# dvc rental 3-5 days



## alexb (Jan 18, 2011)

where is the best place to find a rental [specifics deleted]
do you get early access to the parks when staying at dvc


----------



## DeniseM (Jan 18, 2011)

Click on "Marketplace" in the red bar at the top of the page to access the TUG Classifieds.


----------



## tomandrobin (Jan 18, 2011)

You can also visit MouseOwners.com and Disboards.com for point rentals.


----------



## alexb (Jan 20, 2011)

*Dvc Rentals*

looking for 5 days which would be the least points to an owner sun-thur or
mon-friday


----------



## chalee94 (Jan 20, 2011)

alexb said:


> looking for 5 days which would be the least points to an owner sun-thur or
> mon-friday



sun-thur is cheaper - here is a link to the point charts.

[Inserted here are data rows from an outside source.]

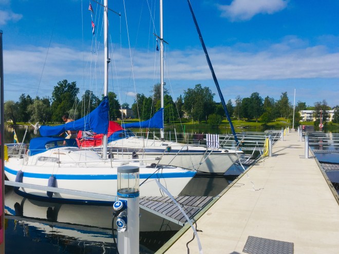 För första gången under nästan fyra veckors segling är jag störst båt i gästhamnen! En Maxi 77 ligger utmed bryggan. När vi kom låg det även en Maxi 68 på nocken. Min båt är en Maxi 84, för de som missat den detaljen.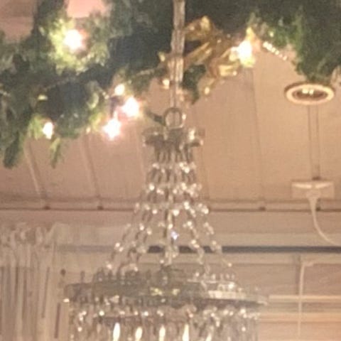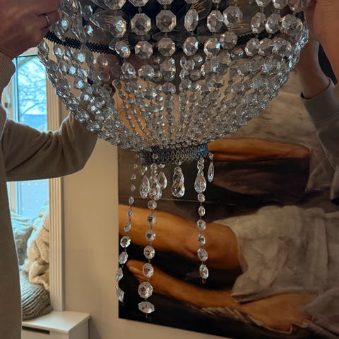 Lekker krystallkrone selges rimelig. H fra takfeste 85cm, omkrets bunn ca 150cm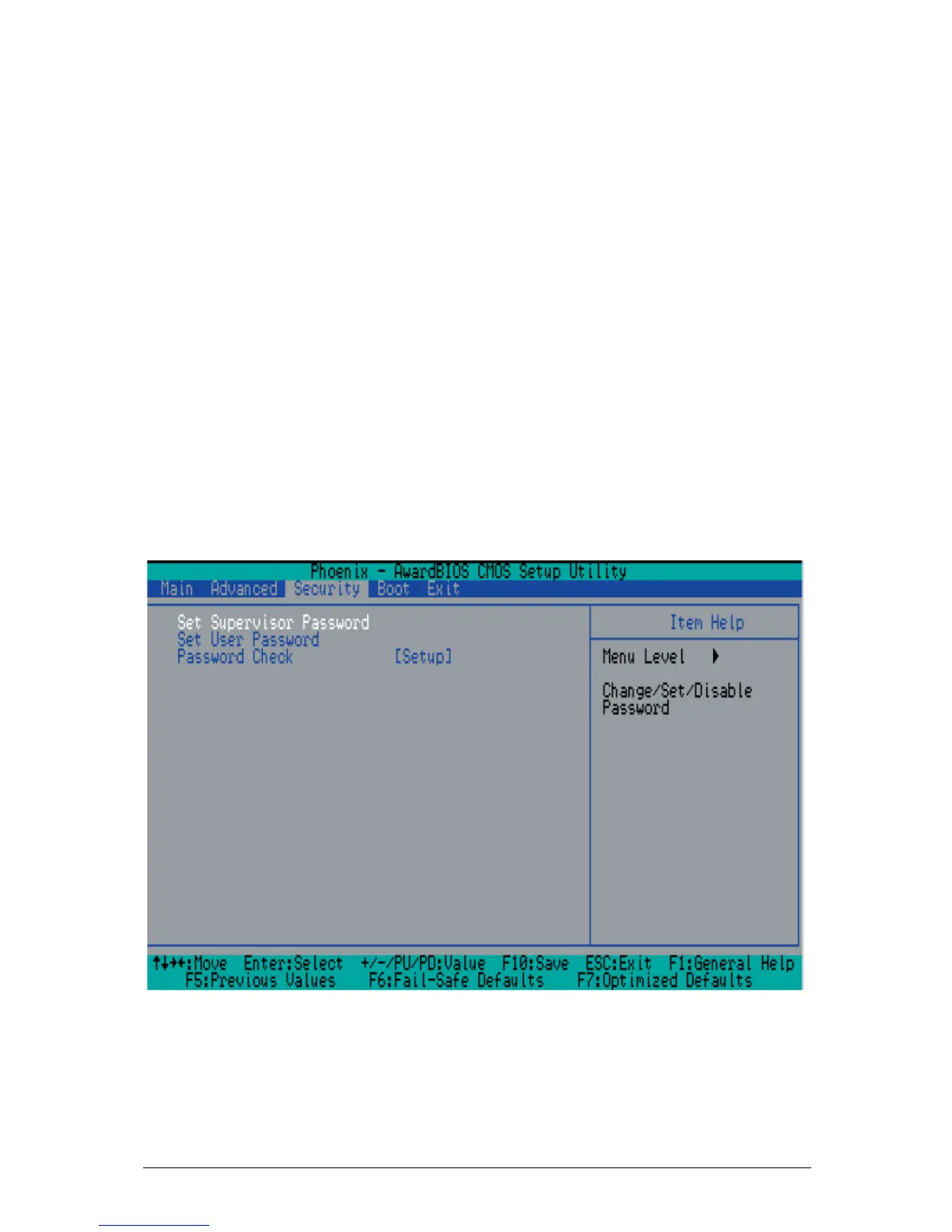 Choose Security from the Award BIOS main menu with the Left/Right arrow keys.

if you are staying at a DVC resort onsite at wdw, you get all onsite benefits, including extra magic hours (early access or late access, depending on the park and day of the week), access to the wdw bus system and free parking at the theme parks.


----------



## Mjasp (Jan 24, 2011)

I'm curious where do you find points for sale besides the timeshare store and dvc by resale?


----------



## chalee94 (Jan 24, 2011)

ebay.

i think fidelity is the new name for GMAC - but they tend to have additional fees.


----------



## alexb (Jan 24, 2011)

managed to get hgv exchange through rci for june 2bed at dvc01 for the week


----------